Exercise brief :: Every line of the material must be copied exactly, from the first to the last.

Given information ::

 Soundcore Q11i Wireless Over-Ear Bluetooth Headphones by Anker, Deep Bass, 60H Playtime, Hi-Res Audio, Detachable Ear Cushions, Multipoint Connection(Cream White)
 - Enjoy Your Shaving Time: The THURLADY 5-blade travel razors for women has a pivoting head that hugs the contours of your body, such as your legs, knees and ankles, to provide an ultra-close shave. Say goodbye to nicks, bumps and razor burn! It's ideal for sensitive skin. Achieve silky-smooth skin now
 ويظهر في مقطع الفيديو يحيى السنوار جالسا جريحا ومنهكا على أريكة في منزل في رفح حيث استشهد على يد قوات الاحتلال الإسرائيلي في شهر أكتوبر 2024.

Answer box ::
 Soundcore Q11i Wireless Over-Ear Bluetooth Headphones by Anker, Deep Bass, 60H Playtime, Hi-Res Audio, Detachable Ear Cushions, Multipoint Connection(Cream White)
 - Enjoy Your Shaving Time: The THURLADY 5-blade travel razors for women has a pivoting head that hugs the contours of your body, such as your legs, knees and ankles, to provide an ultra-close shave. Say goodbye to nicks, bumps and razor burn! It's ideal for sensitive skin. Achieve silky-smooth skin now
 ويظهر في مقطع الفيديو يحيى السنوار جالسا جريحا ومنهكا على أريكة في منزل في رفح حيث استشهد على يد قوات الاحتلال الإسرائيلي في شهر أكتوبر 2024.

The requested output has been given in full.